As if shortages of equipments and teaching aids were not enough for our sufferings, authorities in Burma closed down Universities and Colleges quite frequently. Whenever a small group of students made a demonstration to protest about their grievances, all the students in all Universities got their education disrupted as a collective punishment, as authorities closed down all Universities immediately. Because of such frequent closings-down, medical students of our generation had to take ten to twelve years to finish medical education and to become doctors.

And, if medical students had hoped that becoming a doctor would end their woes of student-life, they later found out that more disappointments were waiting to ambush them all along their medical professional life.

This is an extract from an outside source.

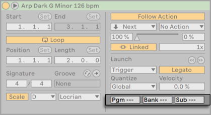 В MIDI-клипах нажатие треугольной кнопки-переключателя в строке заголовка окна «Клип» открывает настройки, позволяющие Live отправлять сообщения об изменениях MIDI банка/программы на внешние устройства и плагины, поддерживающие MIDI сообщения об изменении программы. В соответствии с настройками в этих элементах управления, запуск клипа также посылает сообщение о смене банка/программы. Если вы используете Live для отправки MIDI на ваш синтезатор, это означает, что каждый MIDI клип в Live сете может воспроизводить различные звуки на синтезаторе. Live предлагает сообщения для 128 банков со 128 под-банками, каждый из которых имеет 128 программ. Пожалуйста, просмотрите документацию, прилагаемую к вашему синтезатору, чтобы определить, сколько из этих сообщений он может использовать. Пожалуйста, обратитесь к документации, поставляемой вместе с синтезатором, чтобы определить, какое количество этих сообщений, он может использовать. Если вы не хотите, чтобы ваш клип отправлял сообщения об изменении программы или банка, просто установите переключатели Bank/Program в ---.
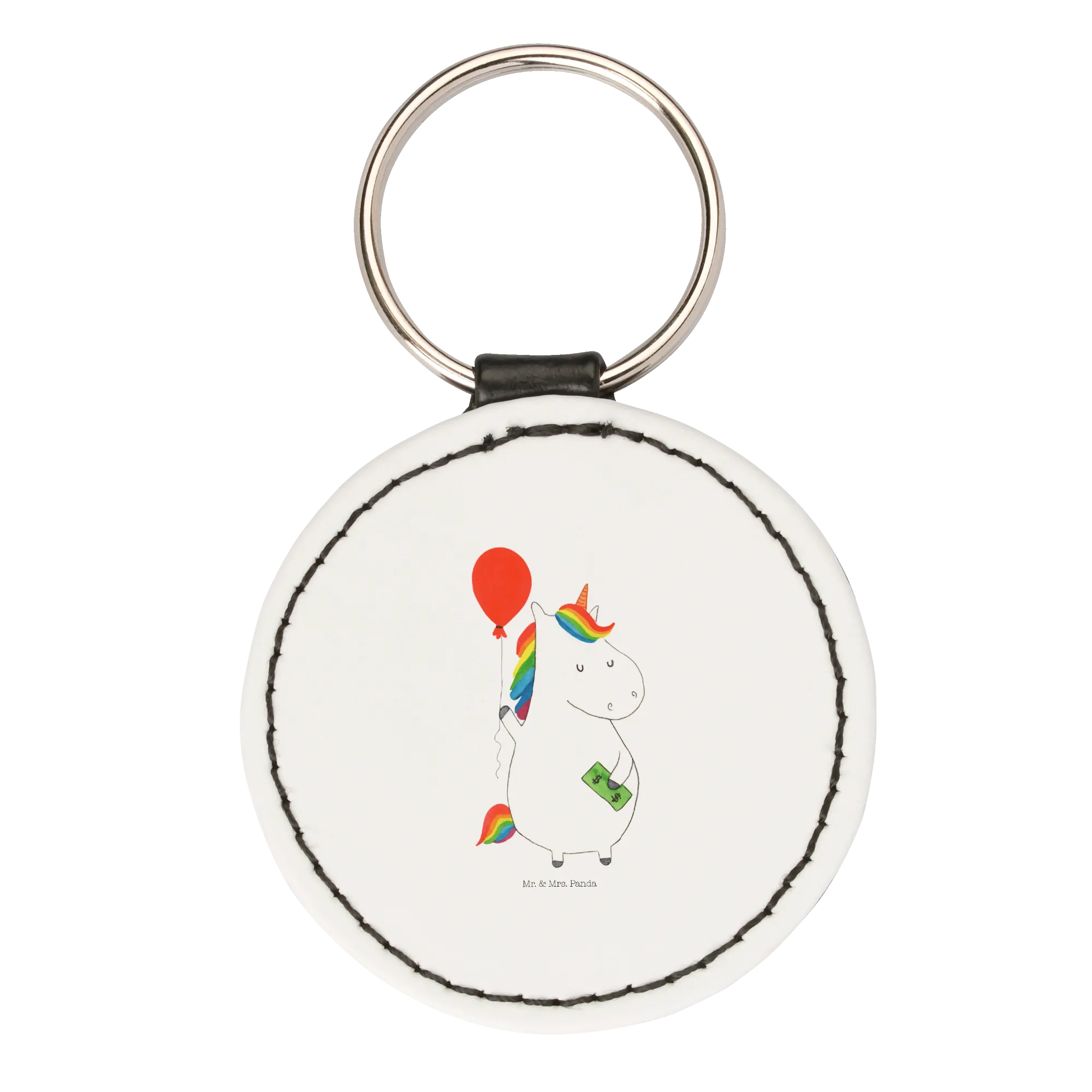 Imagine the joy on your girlfriend's face when she receives this cute unicorn keychain. Crafted from premium artificial leather, the key ring is durable yet soft to the touch, ensuring it lasts while sitting pretty on her keychain. It measures a cheerful 2 inches and features a beautifully designed unicorn holding a bunch of money in one hand and a colorful balloon in the other, symbolizing dreams and aspirations. The phrase "Was kostet die Welt? Achja? Dann den Luftballon, bitte." captures the playful essence of life, making it fun and captivating.

On my first posting as a house-officer (or house-surgeon, as they are called in Burma), I was posted in an Obstetrics and Gynaecology ward, to look after women and their women’s problems. What stunned me was the number of cases of septic abortion I saw in the hospital. All abortions were, and are, strictly illegal in Burma. Doctors, trained to be law abiding, dared not perform any abortion on any pregnant woman for any reason, medical or psychological or social. But illegal abortionists with little or no proper medical training were, and are, rampant. They use unsafe and un-clean methods to induce abortions. They brutally massage on pregnant women’s abdomen, and they insert un-hygienic sharp objects into women’s birth-canals. Even when things go wrong, because of the illegal nature of their business, they are usually reluctant to send over the patients to hospitals. So eventually when women arrive at hospital, they were already moribund with septicaemia. I just couldn’t understand why military government maintained very strict laws against abortions on one hand and turned a blind-eye to illegal abortionists on the other hand. Or, maybe, illegal abortionists gave bribes to policemen, whose basic salaries averaged at about 5 US$ per month, and so police deliberately allowed dangerous, but lucrative, illegal abortion practices to thrive on.

Another significant feature of Maternity hospitals in Burma is their total lack of effort to alleviate of the pain suffered by women in labour and during childbirth. Women just have to suffer because painless procedures such as epidural anaesthesia are not available, except in expensive private hospitals which are affordable only by rich families of military generals and their cronies.

And, another common feature of Burmese Maternity wards is the very high rate of neonatal jaundice in newborn-babies. One reason is the un-hygienic conditions in the wards leading to infections in newborns. Another reason is the exclusive breastfeeding, which means infants are fed only breast-milk and nothing else, not even water. Because of very prevalent diarrhoeal diseases, lack of clean water supply, unsatisfactory food-hygiene and lack of fly proof latrines in rural areas, nursing mothers are forced to do exclusive breastfeeding. Reduced water intake due to exclusive breast-feeding, coupled with some infections, leads to soaring rates of jaundice cases in new-born babies in Burma.

To avoid tiring you down with too much cynicism, we shall rest here for this week, and will continue next week.        


 

Comments

Feraya said _

Thank you very much for telling us about how it was in Burma regarding healthcare at your medical school and hospitals.  It must be worse than ever now.  Looking forward to more cynicism next week.

D Law said _

 "Cynical" is better than the one you proposed in your draft. But I wonder if "Candid"  might be a more-inclusive adjective. I hope you will write enough serial articles to make it into a book, and I'm looking forward for your next one.